Stored data:

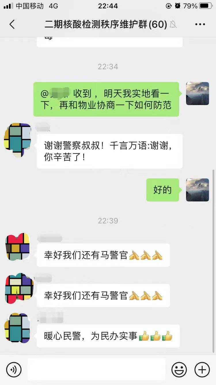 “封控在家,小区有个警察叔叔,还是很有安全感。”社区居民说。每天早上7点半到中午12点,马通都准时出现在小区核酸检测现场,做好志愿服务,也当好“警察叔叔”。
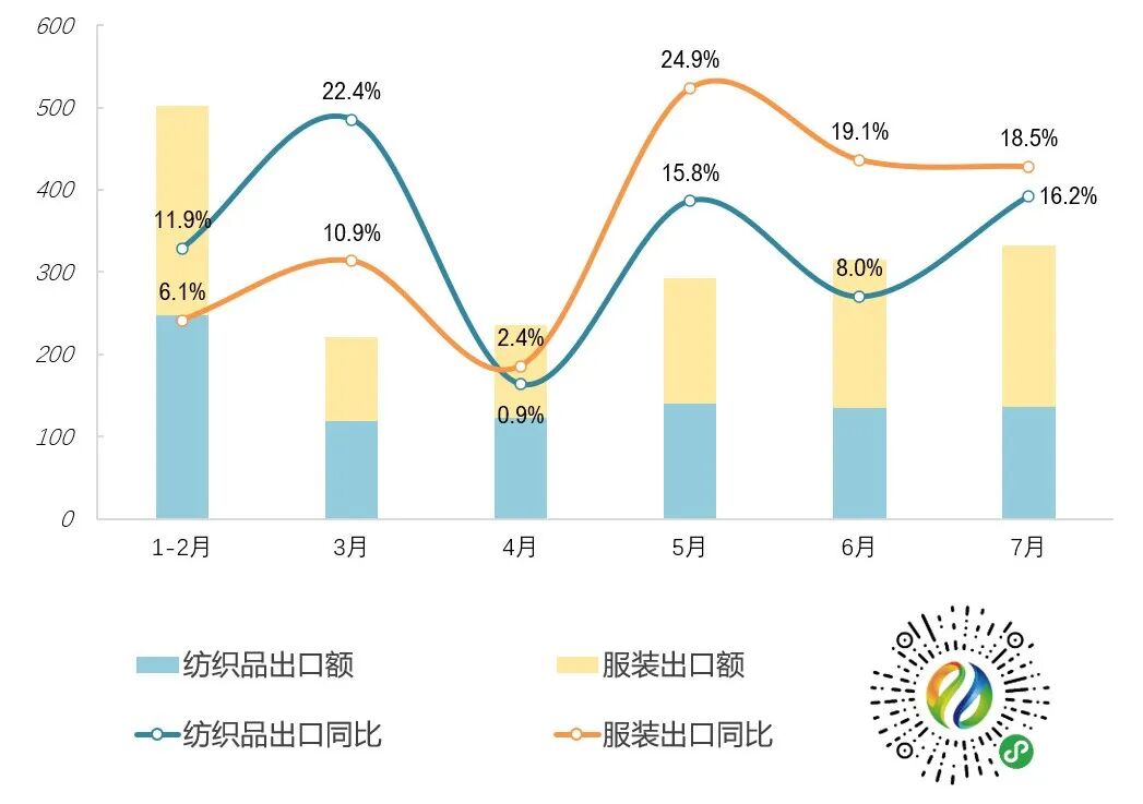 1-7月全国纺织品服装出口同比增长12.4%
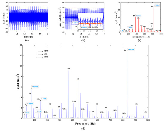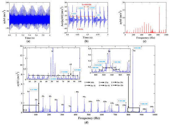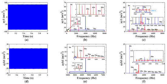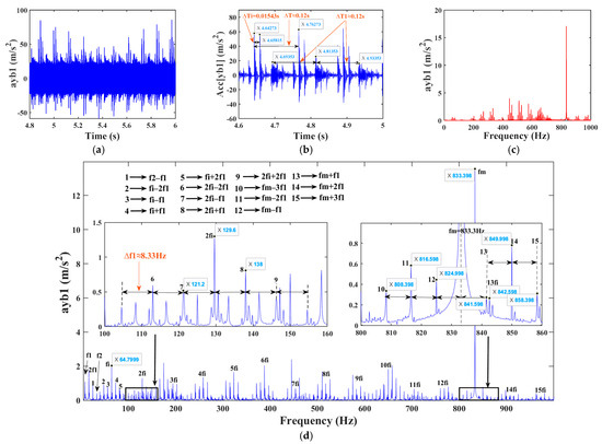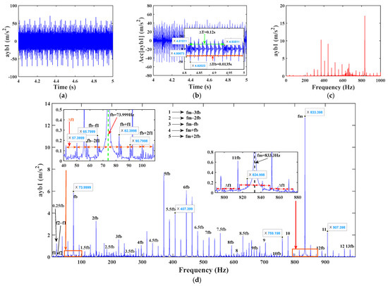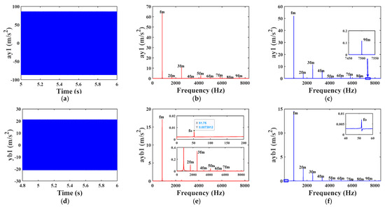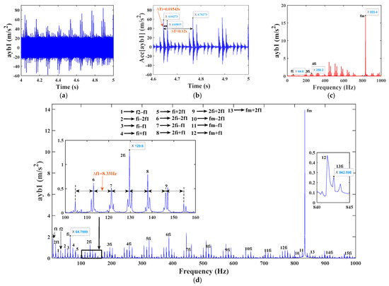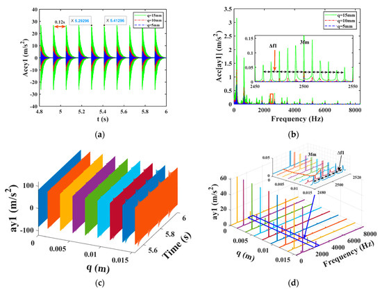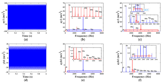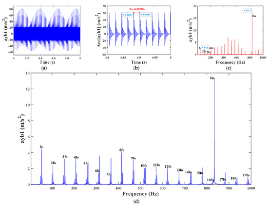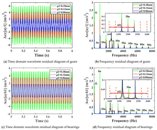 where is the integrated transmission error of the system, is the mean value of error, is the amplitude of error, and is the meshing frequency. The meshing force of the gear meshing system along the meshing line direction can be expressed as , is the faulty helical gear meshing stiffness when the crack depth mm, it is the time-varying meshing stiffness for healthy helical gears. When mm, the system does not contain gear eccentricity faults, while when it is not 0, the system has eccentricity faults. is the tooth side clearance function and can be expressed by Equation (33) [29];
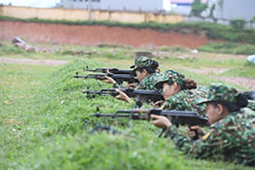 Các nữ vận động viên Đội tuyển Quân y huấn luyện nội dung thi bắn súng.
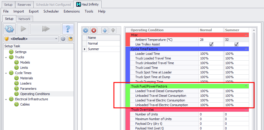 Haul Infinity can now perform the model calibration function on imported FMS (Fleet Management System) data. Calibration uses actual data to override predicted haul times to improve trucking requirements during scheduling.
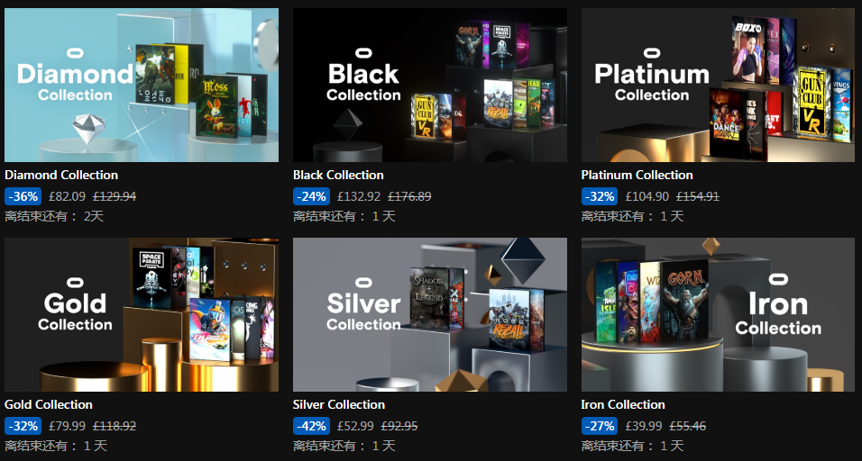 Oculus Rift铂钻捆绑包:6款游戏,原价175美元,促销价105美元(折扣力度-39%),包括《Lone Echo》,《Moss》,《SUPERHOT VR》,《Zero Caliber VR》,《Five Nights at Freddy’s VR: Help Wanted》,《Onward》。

# [TASK DIRECTIONS]
Leave out every picture and transcribe the remaining entries exactly.

# [SOLUTION BELOW]
 “封控在家,小区有个警察叔叔,还是很有安全感。”社区居民说。每天早上7点半到中午12点,马通都准时出现在小区核酸检测现场,做好志愿服务,也当好“警察叔叔”。
 1-7月全国纺织品服装出口同比增长12.4%
 where is the integrated transmission error of the system, is the mean value of error, is the amplitude of error, and is the meshing frequency. The meshing force of the gear meshing system along the meshing line direction can be expressed as , is the faulty helical gear meshing stiffness when the crack depth mm, it is the time-varying meshing stiffness for healthy helical gears. When mm, the system does not contain gear eccentricity faults, while when it is not 0, the system has eccentricity faults. is the tooth side clearance function and can be expressed by Equation (33) [29];
 Các nữ vận động viên Đội tuyển Quân y huấn luyện nội dung thi bắn súng.
 Haul Infinity can now perform the model calibration function on imported FMS (Fleet Management System) data. Calibration uses actual data to override predicted haul times to improve trucking requirements during scheduling.
 Oculus Rift铂钻捆绑包:6款游戏,原价175美元,促销价105美元(折扣力度-39%),包括《Lone Echo》,《Moss》,《SUPERHOT VR》,《Zero Caliber VR》,《Five Nights at Freddy’s VR: Help Wanted》,《Onward》。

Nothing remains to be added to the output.